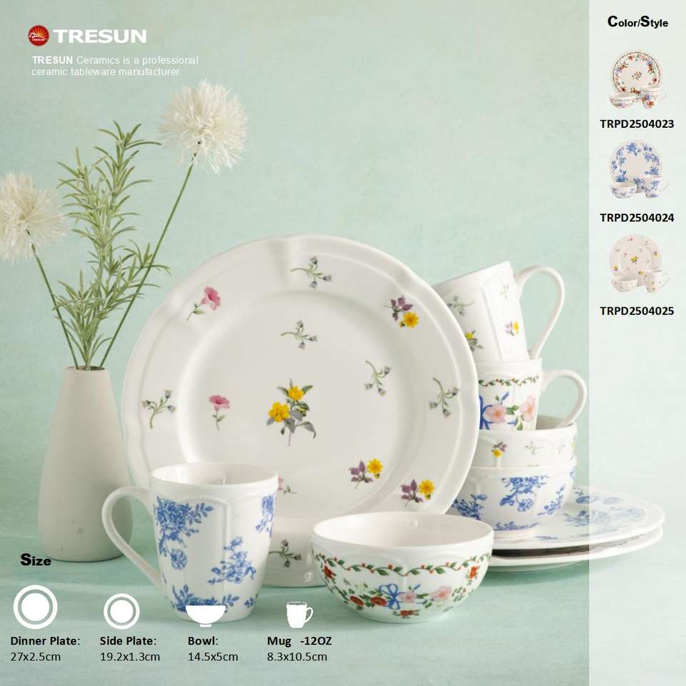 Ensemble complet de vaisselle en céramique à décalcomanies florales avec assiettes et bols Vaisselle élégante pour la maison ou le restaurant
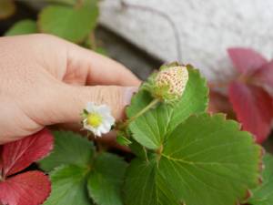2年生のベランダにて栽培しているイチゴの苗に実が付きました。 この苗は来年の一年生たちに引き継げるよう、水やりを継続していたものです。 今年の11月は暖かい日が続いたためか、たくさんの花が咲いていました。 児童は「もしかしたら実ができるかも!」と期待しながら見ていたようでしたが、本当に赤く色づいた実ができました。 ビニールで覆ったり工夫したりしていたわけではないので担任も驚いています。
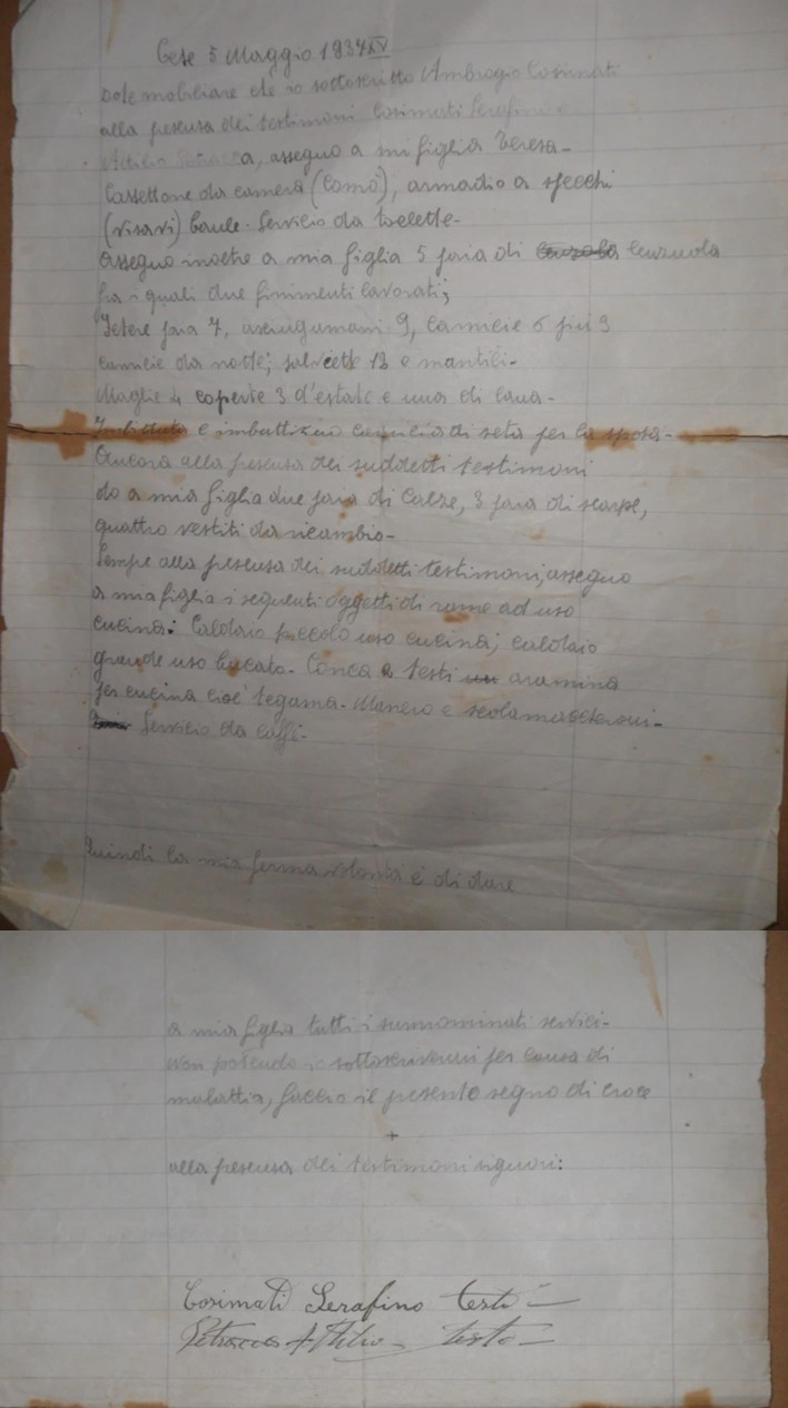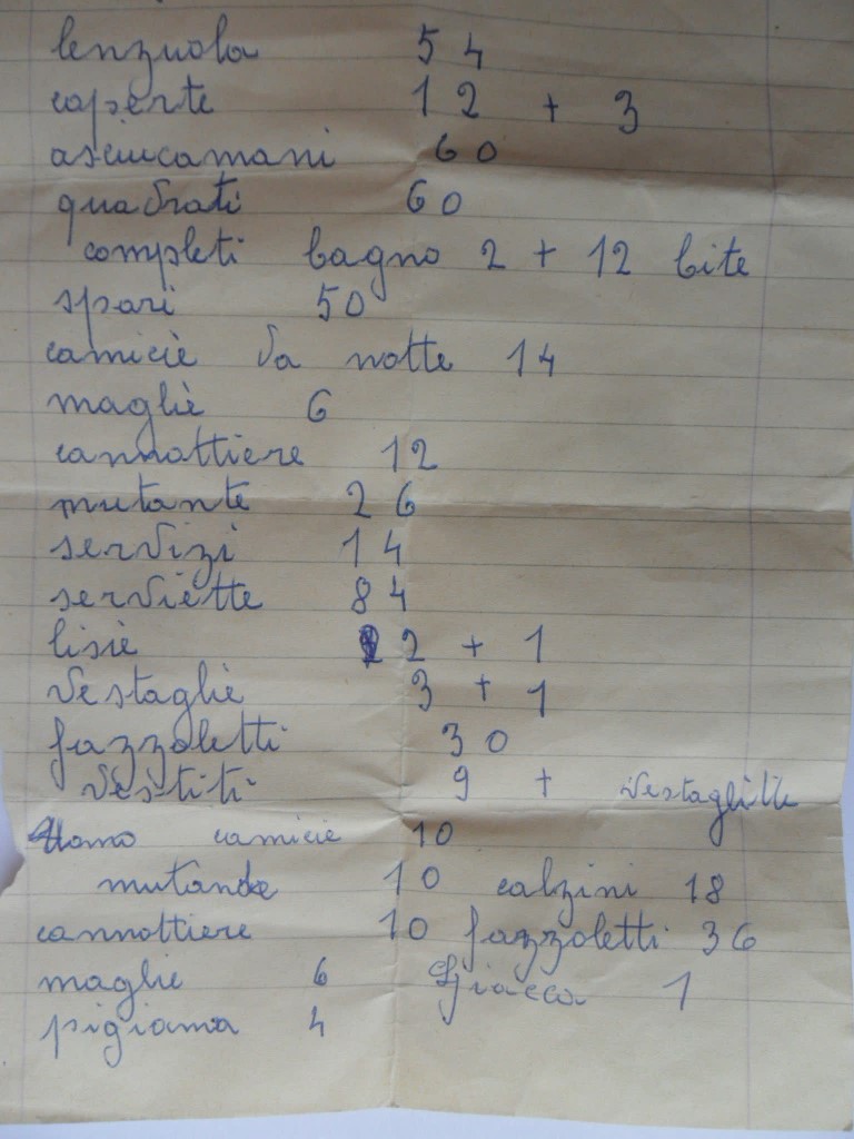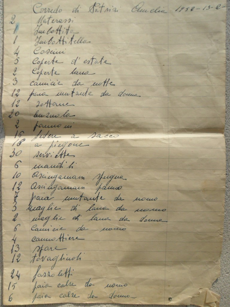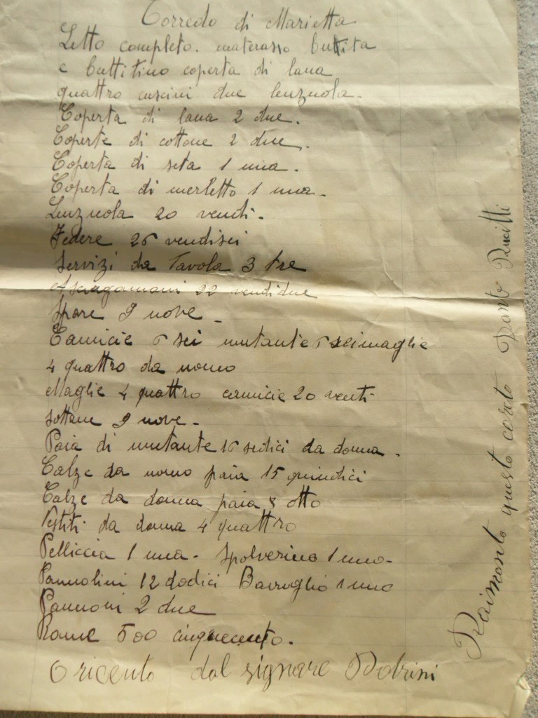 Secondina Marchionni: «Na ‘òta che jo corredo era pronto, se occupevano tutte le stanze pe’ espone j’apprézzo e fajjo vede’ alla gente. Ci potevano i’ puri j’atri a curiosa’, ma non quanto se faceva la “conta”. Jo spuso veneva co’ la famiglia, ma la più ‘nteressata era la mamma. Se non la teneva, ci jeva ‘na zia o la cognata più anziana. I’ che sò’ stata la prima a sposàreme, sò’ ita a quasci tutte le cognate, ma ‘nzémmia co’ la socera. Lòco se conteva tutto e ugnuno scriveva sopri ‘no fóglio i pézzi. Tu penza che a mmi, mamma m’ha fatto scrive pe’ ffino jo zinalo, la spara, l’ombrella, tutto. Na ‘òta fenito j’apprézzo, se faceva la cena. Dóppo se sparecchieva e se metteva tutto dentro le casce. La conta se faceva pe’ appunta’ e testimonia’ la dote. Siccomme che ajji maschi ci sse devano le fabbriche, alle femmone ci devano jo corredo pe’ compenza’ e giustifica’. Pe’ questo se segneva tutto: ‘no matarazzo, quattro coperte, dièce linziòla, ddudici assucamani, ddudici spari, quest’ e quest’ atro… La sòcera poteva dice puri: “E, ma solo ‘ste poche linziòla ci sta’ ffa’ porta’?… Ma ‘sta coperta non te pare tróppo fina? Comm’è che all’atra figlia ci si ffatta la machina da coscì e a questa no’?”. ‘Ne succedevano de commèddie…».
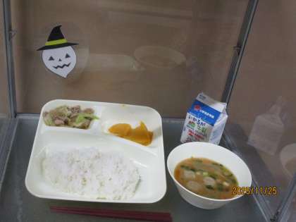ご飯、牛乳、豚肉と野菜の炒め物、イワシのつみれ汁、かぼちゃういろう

________________

## Requirement
Give back the whole listing exactly as written. Do not include any picture.

## Task response
 Ensemble complet de vaisselle en céramique à décalcomanies florales avec assiettes et bols Vaisselle élégante pour la maison ou le restaurant
2年生のベランダにて栽培しているイチゴの苗に実が付きました。 この苗は来年の一年生たちに引き継げるよう、水やりを継続していたものです。 今年の11月は暖かい日が続いたためか、たくさんの花が咲いていました。 児童は「もしかしたら実ができるかも!」と期待しながら見ていたようでしたが、本当に赤く色づいた実ができました。 ビニールで覆ったり工夫したりしていたわけではないので担任も驚いています。
 Secondina Marchionni: «Na ‘òta che jo corredo era pronto, se occupevano tutte le stanze pe’ espone j’apprézzo e fajjo vede’ alla gente. Ci potevano i’ puri j’atri a curiosa’, ma non quanto se faceva la “conta”. Jo spuso veneva co’ la famiglia, ma la più ‘nteressata era la mamma. Se non la teneva, ci jeva ‘na zia o la cognata più anziana. I’ che sò’ stata la prima a sposàreme, sò’ ita a quasci tutte le cognate, ma ‘nzémmia co’ la socera. Lòco se conteva tutto e ugnuno scriveva sopri ‘no fóglio i pézzi. Tu penza che a mmi, mamma m’ha fatto scrive pe’ ffino jo zinalo, la spara, l’ombrella, tutto. Na ‘òta fenito j’apprézzo, se faceva la cena. Dóppo se sparecchieva e se metteva tutto dentro le casce. La conta se faceva pe’ appunta’ e testimonia’ la dote. Siccomme che ajji maschi ci sse devano le fabbriche, alle femmone ci devano jo corredo pe’ compenza’ e giustifica’. Pe’ questo se segneva tutto: ‘no matarazzo, quattro coperte, dièce linziòla, ddudici assucamani, ddudici spari, quest’ e quest’ atro… La sòcera poteva dice puri: “E, ma solo ‘ste poche linziòla ci sta’ ffa’ porta’?… Ma ‘sta coperta non te pare tróppo fina? Comm’è che all’atra figlia ci si ffatta la machina da coscì e a questa no’?”. ‘Ne succedevano de commèddie…».
ご飯、牛乳、豚肉と野菜の炒め物、イワシのつみれ汁、かぼちゃういろう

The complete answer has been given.